Provided material START
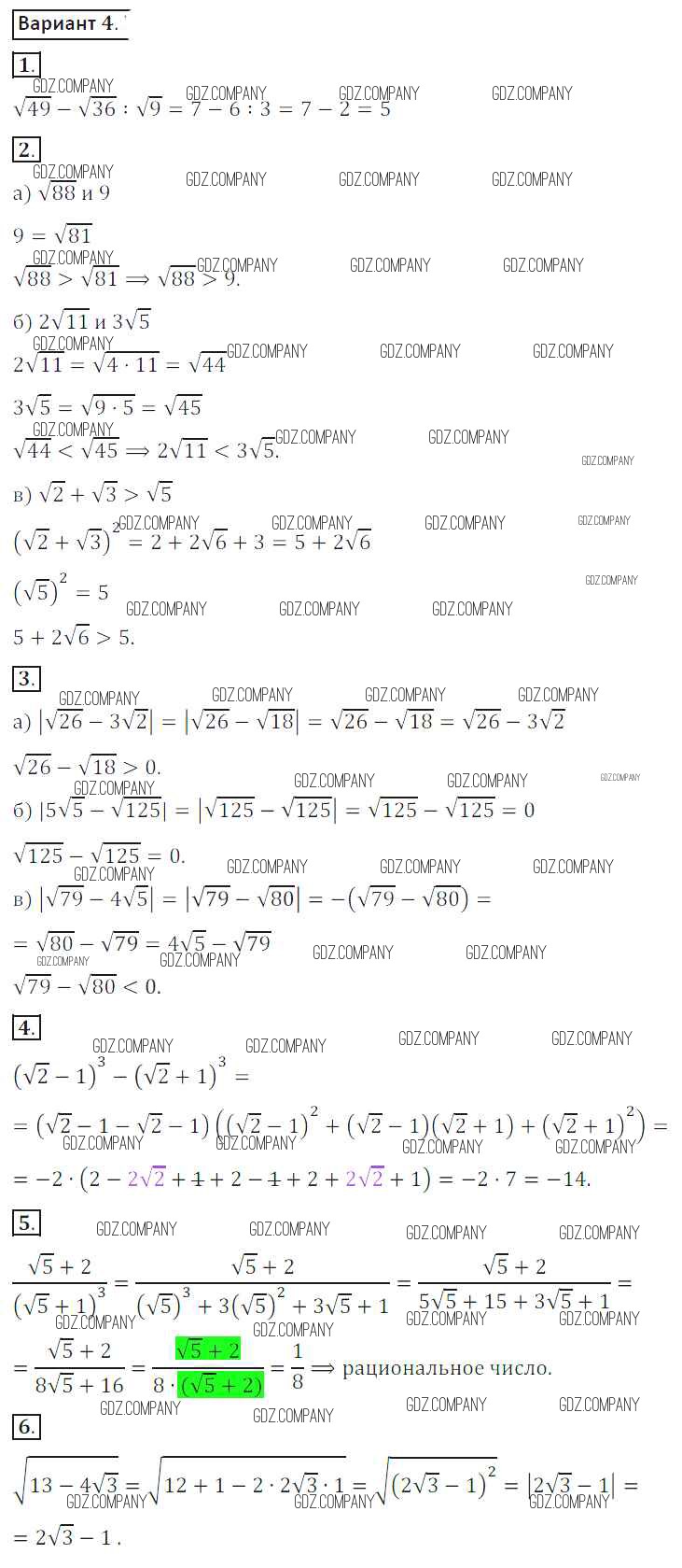 Здесь готовые ответы по Алгебре за 8 (восьмой) класс от Потапов, Шевкин Дидактические материалы МГУ - школе (издательство: Просвещение от 2017 г.) № вариант 4
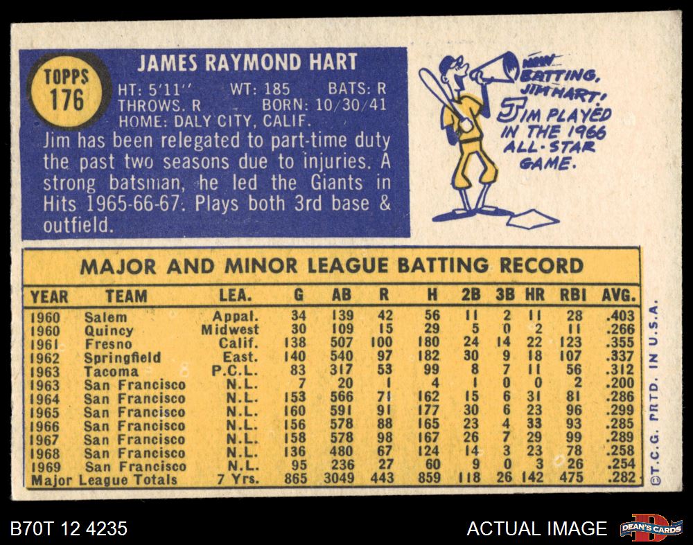 1970 Topps #176 Jim Hart 5 - EX
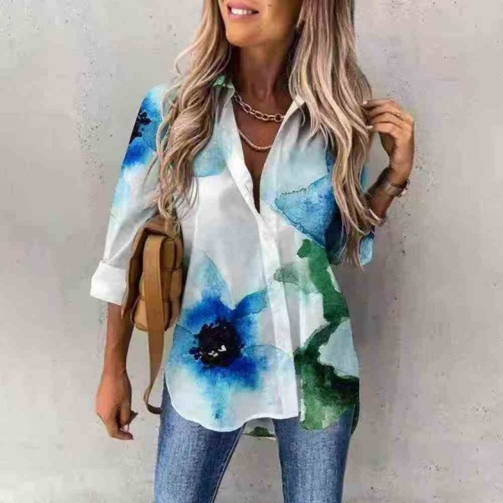 工厂回收357件外贸女士宽松大版印花长袖衬衫,码数S-2XL。版型质量好,颜色丰富鲜艳,货品新,有独立包装。分货➕1
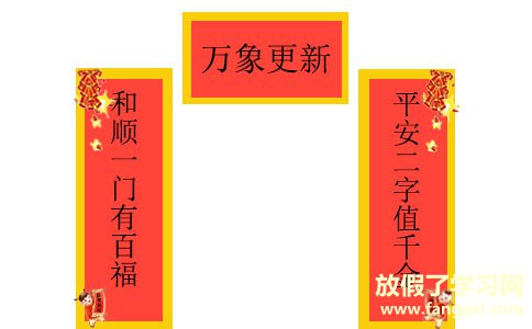 上联:开门迎春春光拂面,抬头见喜喜气满堂。
Provided material END
Leaving every picture out, write out exactly the lines from the one that holds "工厂回收357件外贸女士宽松" through the end of the listing, both included.

Answer box:
 工厂回收357件外贸女士宽松大版印花长袖衬衫,码数S-2XL。版型质量好,颜色丰富鲜艳,货品新,有独立包装。分货➕1
 上联:开门迎春春光拂面,抬头见喜喜气满堂。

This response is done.